Ans. (i) At Cathode:
The following reduction reactions compete to take place
$$\text{Ag}^{+}(aq)+e^{\normalsize-}\xrightarrow{}\text{Ag(s)}\\\text{H}^{+}(aq)+e^{\normalsize-}\xrightarrow{}\frac{1}{2}\text{H}_2$$
The reaction with a higher value of E° takes place at the cathode. Therefore, deposition of silver will takes place at the cathode.
At Anode:
The Ag anode is attacked by NO–3 ions. Therefore, the silver electrode at the anode dissolves in the solution to form Ag+.
(ii) At Cathode:
The following reduction reactions compete to take place
$$\text{Ag}^{+}(aq)+e^{\normalsize-}\xrightarrow{}\text{Ag(s)}\\\text{H}^{+}(aq)+e^{\normalsize-}\xrightarrow{}\frac{1}{2}\text{H}_2$$
The reaction with a higher value of E° takes place at the cathode.
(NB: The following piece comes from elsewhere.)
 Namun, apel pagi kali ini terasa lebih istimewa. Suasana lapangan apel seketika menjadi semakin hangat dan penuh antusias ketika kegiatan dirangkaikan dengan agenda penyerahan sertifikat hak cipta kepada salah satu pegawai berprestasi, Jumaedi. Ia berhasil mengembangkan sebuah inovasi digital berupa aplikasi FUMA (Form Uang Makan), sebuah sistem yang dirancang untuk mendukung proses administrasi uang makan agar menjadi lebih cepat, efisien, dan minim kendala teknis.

Therefore deposition of silver will takes place at the cathode.
At Anode:
Since Pt electrodes are inert, the anode is not attacked by NO3– ions. Therefore OH– or NO3– ions can be oxidized at the anode. But OH– ions having a lower discharge potential and get prefrence and decompose to liberate O2.
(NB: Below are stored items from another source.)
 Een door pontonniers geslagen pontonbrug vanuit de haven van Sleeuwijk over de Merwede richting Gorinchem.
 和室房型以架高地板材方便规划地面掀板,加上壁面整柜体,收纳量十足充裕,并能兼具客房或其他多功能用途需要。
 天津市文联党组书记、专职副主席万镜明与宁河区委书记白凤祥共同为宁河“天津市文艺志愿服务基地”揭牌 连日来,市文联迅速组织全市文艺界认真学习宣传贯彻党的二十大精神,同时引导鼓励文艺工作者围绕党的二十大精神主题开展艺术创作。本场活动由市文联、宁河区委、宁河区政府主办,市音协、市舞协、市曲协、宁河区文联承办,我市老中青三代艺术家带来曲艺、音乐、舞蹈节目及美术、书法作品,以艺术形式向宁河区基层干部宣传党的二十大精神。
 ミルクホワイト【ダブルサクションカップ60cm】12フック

$$\text{OH}^{\normalsize-}\xrightarrow{}\text{OH}+e^{\normalsize-}\\\text{4OH}^{\normalsize-}\xrightarrow{}2\text{H}_2\text{O}+\text{O}_2\\\text{At Cathode:}\\\text{The following reduction reaction occurs to produce H}_2\space\text{gas}\\\text{H}^{\normalsize+}(aq)+e^{\normalsize-}\xrightarrow{}\frac{1}{2}\text{H}_2(\text{g})\\\text{(iii)}\space\text{At Anode:}\\2\text{H}_2\text{O(l)}\xrightarrow{}\text{O}_2\text{(g)}+4\text{H}^{\normalsize+}(aq)+4e^{\normalsize-}\space...(\text{i})\\\text{2SO}_4^{2\normalsize-}\xrightarrow{}\text{S}_2\text{O}_6^{2\normalsize-}+2e^{\normalsize-}\space...\text{(ii)}$$
For dilute sulphuric acid, reaction (i) is preferred to produce O2 gas. But for concentrated sulphuric acid, reaction (ii) occurs.
(iv) At Cathode:
The following reduction reactions compete to take place
$$\text{Cu}^{2+}(aq)+2e^{\normalsize-}\xrightarrow{}\text{Cu(s)}\\\text{H}^{+}(aq)+e^{\normalsize-}\xrightarrow{}\frac{1}{2}\text{H}_2(g)$$
The reaction with higher value of E° takes place at the cathode. Therefore, deposition of copper will takes place at cathode.
At Anode:
The following oxidation reactions are possible at the anode.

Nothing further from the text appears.